US regulator demands Boeing modify 737 MAX after Ethiopia crash

Not since the 1970s has a new aircraft model been involved in two deadly accidents in such a short period.

    US regulator demands Boeing modify 737 MAX after Ethiopia crash
    The first Boeing 737 MAX 7 is unveiled in Renton, Washington, in February 2018 [Jason Redmond/Reuters]

    US regulators ordered Boeing to make urgent improvements to the best-selling jet involved in a deadly Ethiopia plane crash - but ruled out grounding the fleet as investigators worked to piece together the aircraft's final moments.

    The Ethiopian Airlines Boeing 737 MAX 8 crashed minutes into a flight to Nairobi on Sunday, killing all 157 people on board and prompting airlines across the world to begin withdrawing the model from schedules.

    The US Federal Aviation Administration (FAA) said it was working with local authorities and the National Transportation Safety Board and may soon share safety information concerning the aircraft.

    "If we identify an issue that affects safety, the FAA will take immediate and appropriate action," it said in a statement.

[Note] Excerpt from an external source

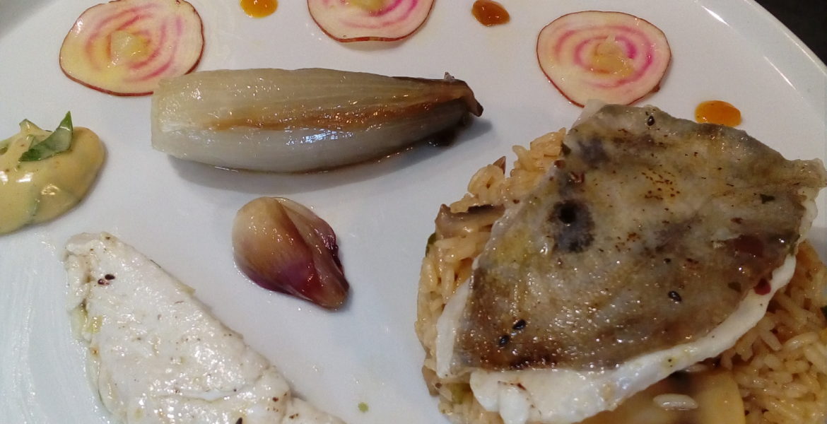 Les légumes, j’ai choisi l’endive de terre, petite mais très gourmande. Ça n’a rien à voir avec celle que vous trouvez en sachet, pleine d’eau et sans saveur. L’échalote grise, quel régal ! Et la betterave Chiogga crue en carpaccio (même marinade que le poisson).

    The FAA said it was ordering Boeing to make improvements to anti-stalling software and the manoeuvring system, giving the company until the end of April to make the updates. A team of US aviation experts from the FAA was at the site on Tuesday.

    Tamrat Abera, a witness who saw the plane go down, told The Associated Press smoke was coming out of the rear and the aircraft rotated twice before hitting the ground.

    Indonesia crash

    The Ethiopian Airlines aircraft was the same type as the Indonesian Lion Air plane that crashed in October, killing 189 passengers and crew.

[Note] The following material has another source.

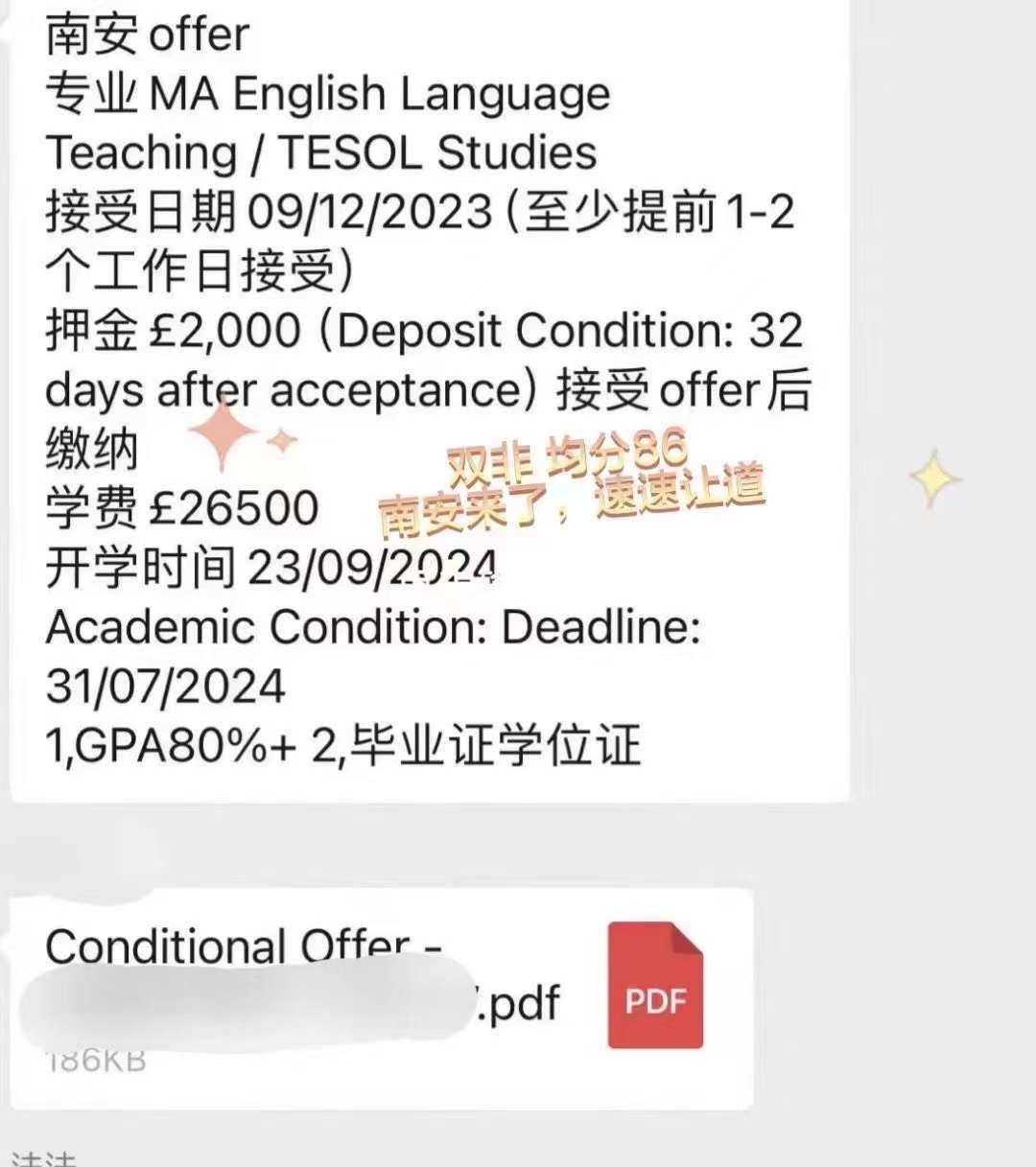 ?暑假期间文书全部完成,9月中旬一开放就立刻提交了申请,11月9日第一封南安的offer就到啦!恭喜亲爱的学生!

    Not since the 1970s - when the McDonnell Douglas DC-10 had successive fatal incidents - has a new model been involved in two deadly accidents in such a short period.

    There are still unanswered questions about the causes of the Lion Air crash, and officials and safety experts said it was too soon to draw links with the Ethiopian Airlines incident.

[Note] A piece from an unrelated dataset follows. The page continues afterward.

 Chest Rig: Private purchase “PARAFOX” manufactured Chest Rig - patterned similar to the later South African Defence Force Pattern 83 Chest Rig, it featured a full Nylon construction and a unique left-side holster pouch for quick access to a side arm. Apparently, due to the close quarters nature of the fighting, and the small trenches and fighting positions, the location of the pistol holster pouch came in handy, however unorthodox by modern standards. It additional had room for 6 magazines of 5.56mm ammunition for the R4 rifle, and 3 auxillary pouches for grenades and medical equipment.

    Aviation consultant Keith Mackey told Al Jazeera the profiles of the two crashes were different, noting the Lion Air plane climbed to 1,800 metres before diving, while the Ethiopian Airlines aircraft reached only 300 metres before plummeting to the ground.  

    "This is completely different to what happened to Lion Air, and that's going to be part of the investigation - determining what the differences were, if there were any similarities between the two situations, and then finding and correcting the cause," Mackey said.

    The FAA acknowledged the crashes were being linked in media reports but said the investigation had "just begun" and so far no data had been provided to "draw any conclusions or take any actions".

    Airlines in Brazil, China, Ethiopia, Indonesia, South Africa, Mexico and other countries said they were suspending operations of their 737 MAX 8 fleets. Pilots from Argentina's Aerolineas Argentinas refused to fly the aircraft.

    Boeing responds

    Boeing on Monday confirmed it will deploy a software upgrade to the 737 MAX 8, a few hours after the FAA directive to do so came down.

    The company said in the aftermath of October's Lion Air Flight crash that it had, for several months, "been developing a flight control software enhancement for the 737 MAX, designed to make an already safe aircraft even safer". The software upgrade "will be deployed across the 737 MAX fleet in the coming weeks," it said in a statement.

    Boeing did not reference Sunday's crash in connection to the software upgrade.

    "We are confident in the safety of the 737 MAX and in the work of the men and women who design and build it," Boeing Chief Executive Officer Dennis Muilenburg told employees in an email seen by Reuters news agency on Monday.

    "Since its certification and entry into service, the MAX family has completed hundreds of thousands of flights safely.

    "Speculating about the cause of the accident or discussing it without all the necessary facts is not appropriate and could compromise the integrity of the investigation," Muilenburg told his staff.

    Investigators recovered the black box flight recorders from the airliner, which went down near Addis Ababa, just six minutes after take-off after the pilot alerted controllers of "difficulties".

    There were passengers and crew from 35 countries on board, including some two dozen UN staff.

    Ethiopia decreed Monday a day of national mourning.